Digression
It's been a while since the AI have hit the public in a way that some user use it to plan vacation and do basic addition with it. That pretty much at the same time that we (developer) discover a new tool can help (to ruin the market) to allow us to work a little bit faster.
I have a little of a hate/love relationship with this tool mainly because I wonder were (has humanity) we're going with our "pollution" problem. But I also love this tool because, you know, it has lowered many steps for smart people to be able to build stuff. And I love this idea that people whatever their country and knowledge are able to build something for fun or else. That for me is also the main purpose of internet, sharing knowledge, being able to learn something that is not accessible for us where we live or because of money.
Another subject is privacy.
And what a good privacy job we get with AI! All the data are sent somewhere, and nobody (at least honest people) have read the term of use and other boring stuff. But that make me think: right now, we have all the tool we need to run a local model to help us work with code, so why not.
What were doing
So the plan was pretty basic: we got llama.cpp to get local model working has an api (basically), and we got pi (or opencode) to get the "chat" like experience.
Setting up
I'm using arch (btw) but all the step here are pretty much the same for any distro or os.
The first step is to install all the tool we need:
yay -S llama.cpp-vulkan
npm install -g @mariozechner/pi-coding-agent
The first command install the version of llama that is optimized for my machine, on the AUR repository you can find a huge variety of optimized version.
The second one installed the pi harness.
Running the model
Like the rest of this little experiment running the model with llama is actually very simple, the only "hard" step is to actually choose the model.

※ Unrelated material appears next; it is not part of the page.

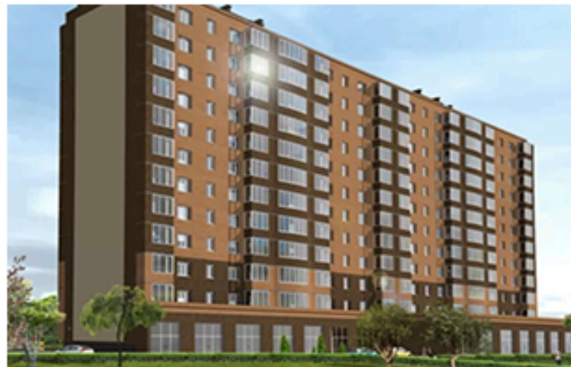
ЖК Капучіно, Житомир. Площа об'єкта 5 671 м 2

By advance sorry no big reveal here, no "blowing my sock out" website: I have chosen the model because other people have already used it, and it works somewhat great. Some website propose some ranking for model and I think this is great, but we also knew for a fact that ratting LLM's are a pretty hard tasks mainly because the nature of how LLM's work.
Also, this is a little fun experiment so if we really need to choose we can always switch later on another model :)
Let's get back to action:
llama-server -hf AaryanK/Qwen3.6-27B-GGUF:Q4_K_M --port 8080 --host 127.0.0.1 -c 8192 -t 8 -ngl 40
I guess for the most part of the cmd you already know what is doing, but let me explain the weird one:
-
ccontrols context size -
tcontrols CPU threads -
nglcontrols GPU offload
This is the most important stuff here because that the value we need to edit and test to allow to get the most performance of our "model/pc" couple.

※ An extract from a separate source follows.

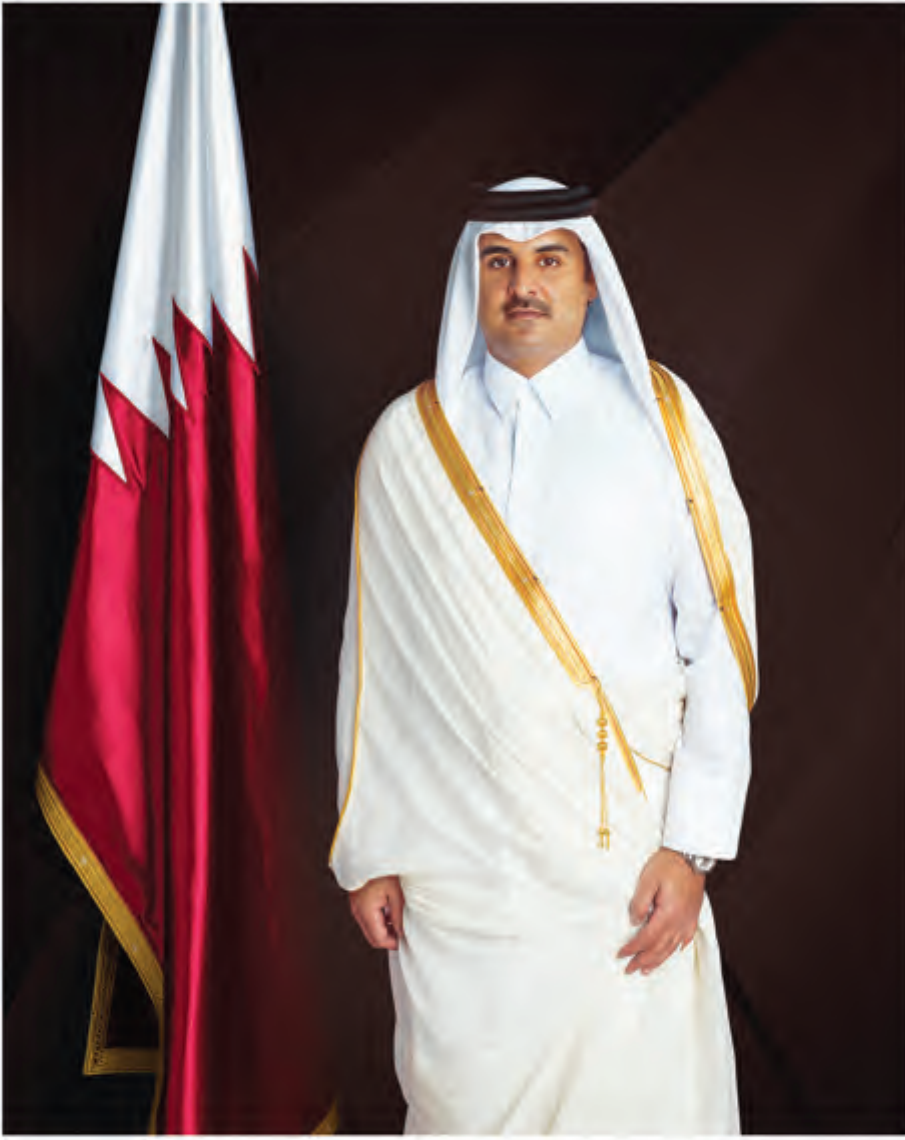
حضرة صاحب السمو الشيخ تميم بن حمد آل ثاني أمير دولة قطر

If everything is working correctly you should now have something like that on your console:
main: model loaded
main: server is listening on http://127.0.0.1:8080
main: starting the main loop...
srv update_slots: all slots are idle
LLM talks to Pi
Ok right after that we have to actually get the model "linked" to our chat. With pi that pretty simple:
mkdir -p ~/.pi/agent
nvim ~/.pi/agent/models.json
# in ~/.pi/agent/models.json
{
"providers": {
"llama-cpp": {
"baseUrl": "http://127.0.0.1:8080/v1",
"api": "openai-completions",
"apiKey": "none",
"models": [
{
"id": "Qwen3.6-27B",
"contextWindow": 8192,
"maxTokens": 4096
}
]
}
}
}
Here the two most important values are:
- contextWindow: how much the model can remember
- maxTokens: response size limit
We can now check if the model is actually linked by launching pi and selecting it via the /model command.
Say "hello" and go for a walk
Okai, my machine is a tuxedo notebook (InfinityBook Pro something) without a graphic card and certainly not a macpro chipset.
So there the reality check for me: saying "what's the day?" to the model take a really good amount of time to actually get a response. And a pretty good damn chunk of the compute capacity of this pc:
So what next?
For me, I guess this the end. Without a good pc for this kind of compute I'm pretty much no able to use a local model, or a more smaller one, so the result are not going to be has good comparing to a Claude Code or a ChatGpt. And I don't want to set up a VPS for that (maybe another time?).
Mellum
Another tasks were a local model can help: code completion.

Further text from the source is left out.